The naive approach is try/catch in every action method. That works, but it's noisy, repetitive, and easy to miss. The better approach is to handle exceptions in one place, consistently, and return structured error responses your clients can actually use.

The Problem with Scattered Error Handling

Here's what it looks like when you handle errors per-endpoint:

[HttpGet("{id}")]
public async Task<IActionResult> Get(int id)
{
    try
    {
        var product = await _repository.GetByIdAsync(id);
        if (product is null)
            return NotFound();

        return Ok(product);
    }
    catch (DatabaseException ex)
    {
        _logger.LogError(ex, "Database error fetching product {Id}", id);
        return StatusCode(500, "Something went wrong.");
    }
}

Multiply that pattern across every endpoint and you've got a maintenance problem. The error responses are inconsistent, the logging is ad hoc, and adding cross-cutting concerns (like correlation IDs) means touching every handler.

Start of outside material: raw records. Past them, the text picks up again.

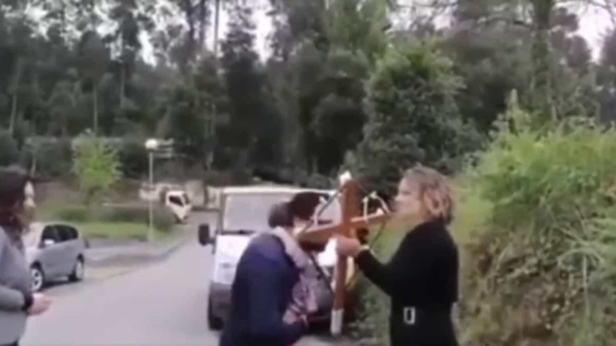Segundo a fonte, foram identificados uma mulher que segurava a cruz e a dava a beijar e um homem que terá colaborado na iniciativa.
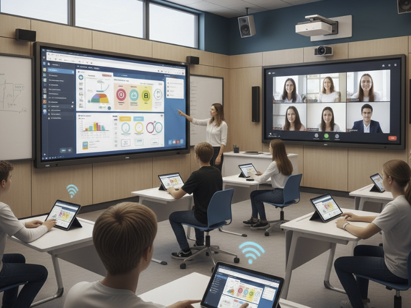- Software de colaboración interactiva: Herramientas que permitan a los alumnos proyectar sus pantallas, realizar encuestas en vivo o participar en pizarras blancas compartidas en la nube.
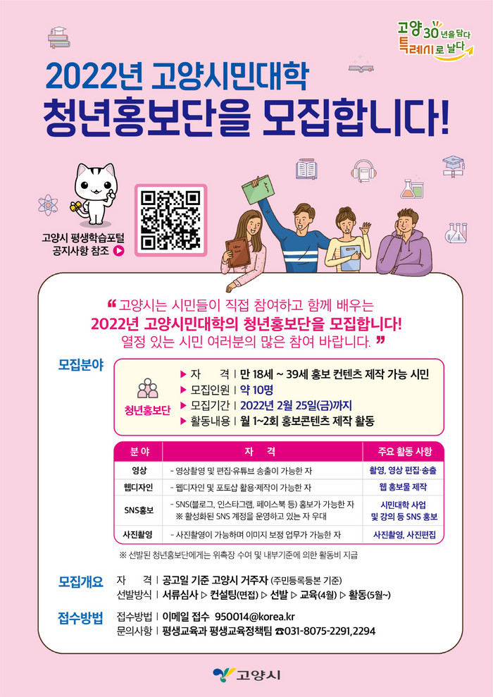 [부자동네타임즈 김인수기자] 고양시가 오는 2월 25일(금)까지 2022년 고양시민대학 청년홍보단을 모집한다.
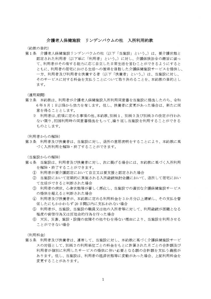 リンデンバウムの杜(入所)約款 R6.8.1~
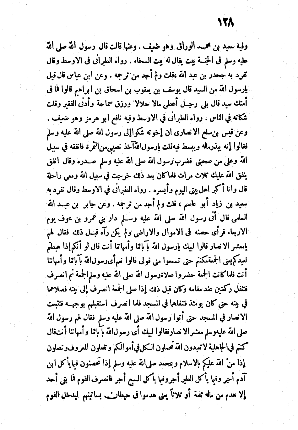 وَفِيهِ سَعِيدُ بْنُ مُحَمَّدٍ الْوَرَّاقُ، وَهُوَ ضَعِيفٌ.
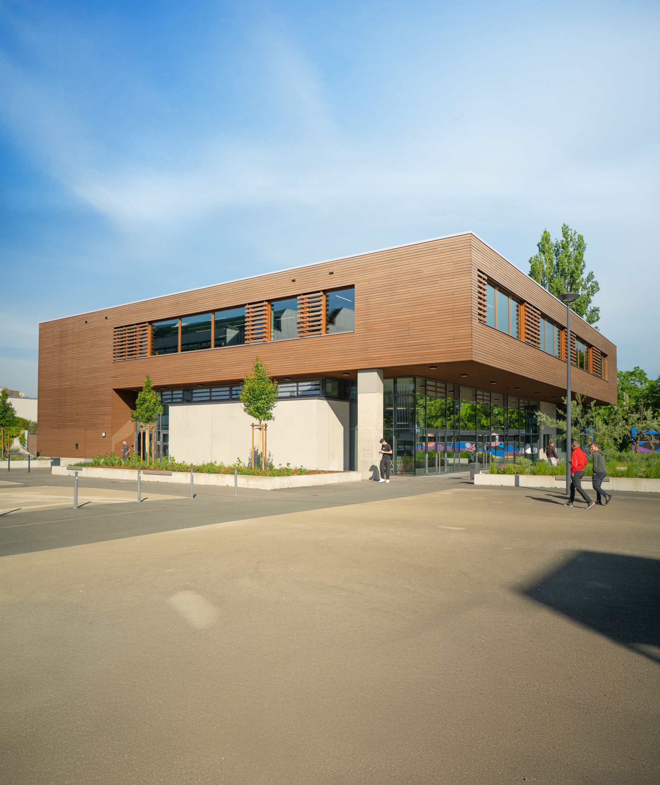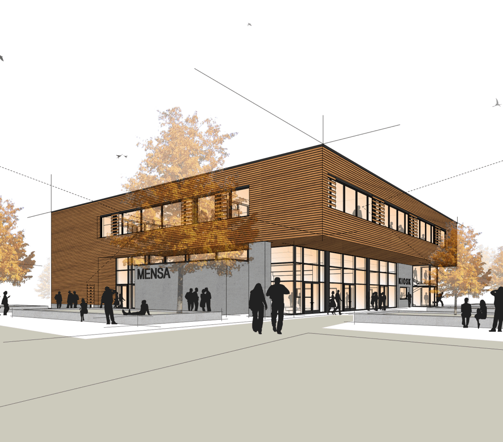 Im VgV-Verfahren 2020 erhielt unser Büro den Zuschlag für die Erweiterung inkl. multifunktionaler Mensa. Das nachhaltige Projekt wurde in Anlehnung an den Passivhausstandard umgesetzt.
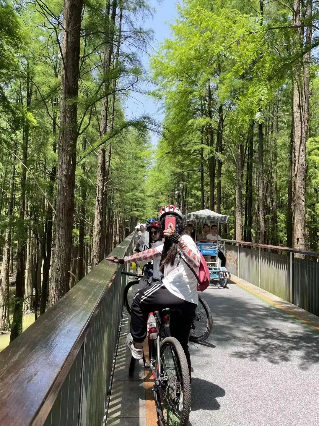在【青山湖】尽情享受从湖边吹来的湖风,畅骑颜值爆棚的环湖绿道,视野非常开阔,到风景最美的一段,我们停下来打卡拍照,尽情玩耍。
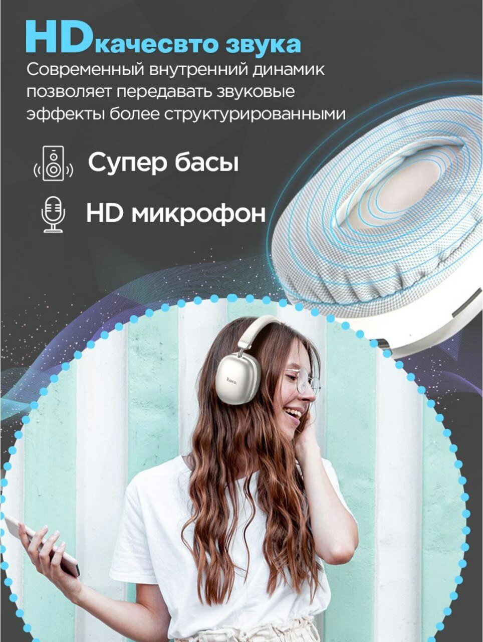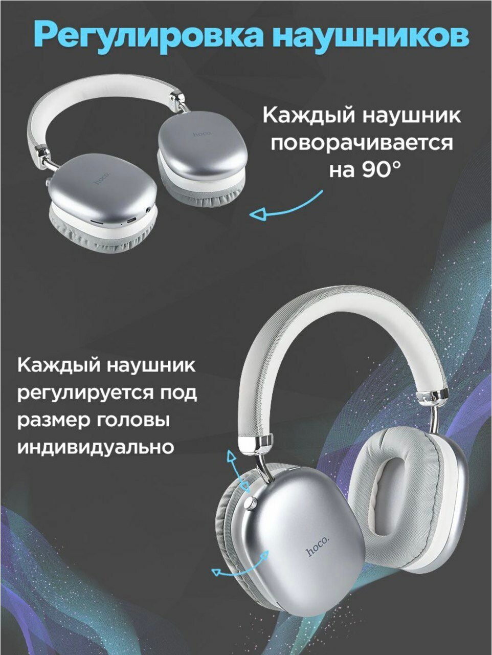 Наушники Hoco с Bluetooth 5,3 и временем работы до 90 ч
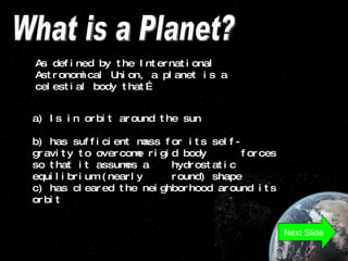 The document defines planets, dwarf planets, and plutoids. Planets orbit the sun, are round in shape, and have cleared their orbit. Dwarf planets also orbit the sun and are round, but have not cleared their orbit. Plutoids are dwarf planets found beyond Neptune's orbit. Examples are provided of Earth being a planet and Pluto being a dwarf planet, while Ceres is not a plutoid.
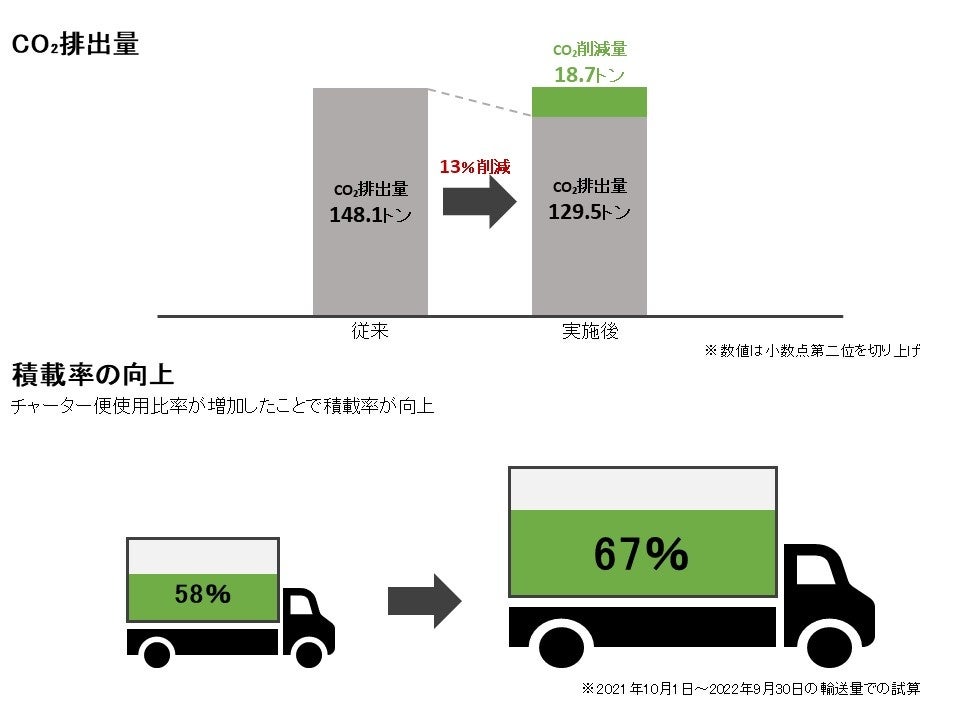 本実証実験を通じて輸送車両の集約化を実現し、同一の輸送物量に対してのCO2排出量を削減、車両積載率を向上させました。この結果を踏まえ、2022年10月より本格稼働し、両社の物量調整を実施しながら現在も取り組みを継続しています。
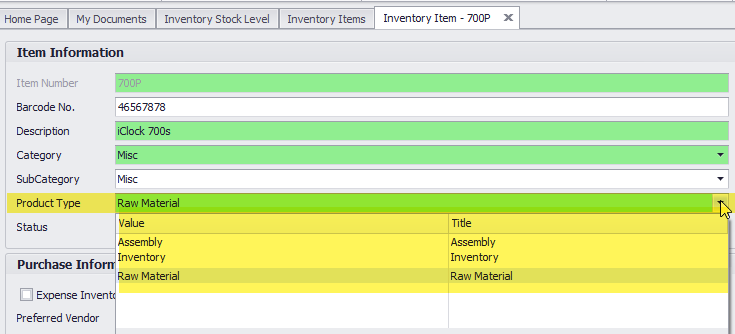 Items marked as Assembly cannot be ordered on a purchase order but can be dispensed or sold
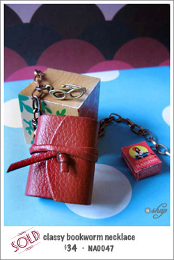 *SOLD* This special leather book necklace is for that sexy librarian in you! Pair it with your black-rimmed glasses, a French chignon, a tweed pencil skirt, close-toed heeled pumps and you’re set to sizzle up every aisle in the library! And for the cheeky little girl in you, stealing a taste from a box of retro Sun-Maid raisins when the librarian is not looking always makes studying much more fun! The book has real blank off-white pages in them, all the better to pass secret notes in class!
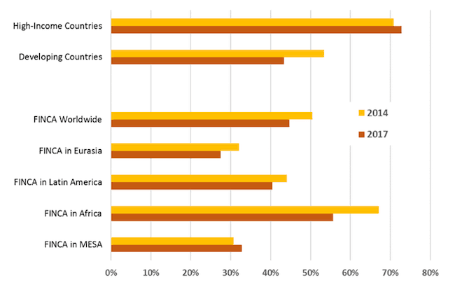 Outside of FINCA’s footprint, East Asia and the Pacific fell the most, from 71 percent to 53 percent.
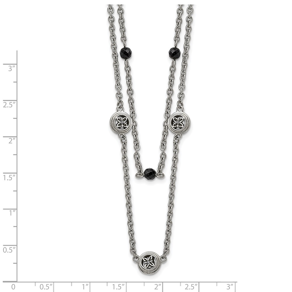 Stainless Steel Polished w/Black Onyx & Acrylic Beads w/2in ext Necklace

UseExceptionHandler: Middleware Approach

ASP.NET Core's built-in exception handling middleware catches unhandled exceptions and runs a secondary pipeline. It's been around a while and it's the simplest centralised option.

var app = builder.Build();

app.UseExceptionHandler("/error");

Then add an endpoint at /error that constructs the response:

app.Map("/error", (HttpContext context) =>
{
    var exceptionFeature = context.Features.Get<IExceptionHandlerFeature>();
    var exception = exceptionFeature?.Error;

    return Results.Problem(
        title: "An error occurred",
        detail: exception?.Message,
        statusCode: StatusCodes.Status500InternalServerError);
});

This works and it's fine for simple cases. The downside is that routing to /error introduces a second request lifecycle, and it can be awkward when you want to handle different exception types differently.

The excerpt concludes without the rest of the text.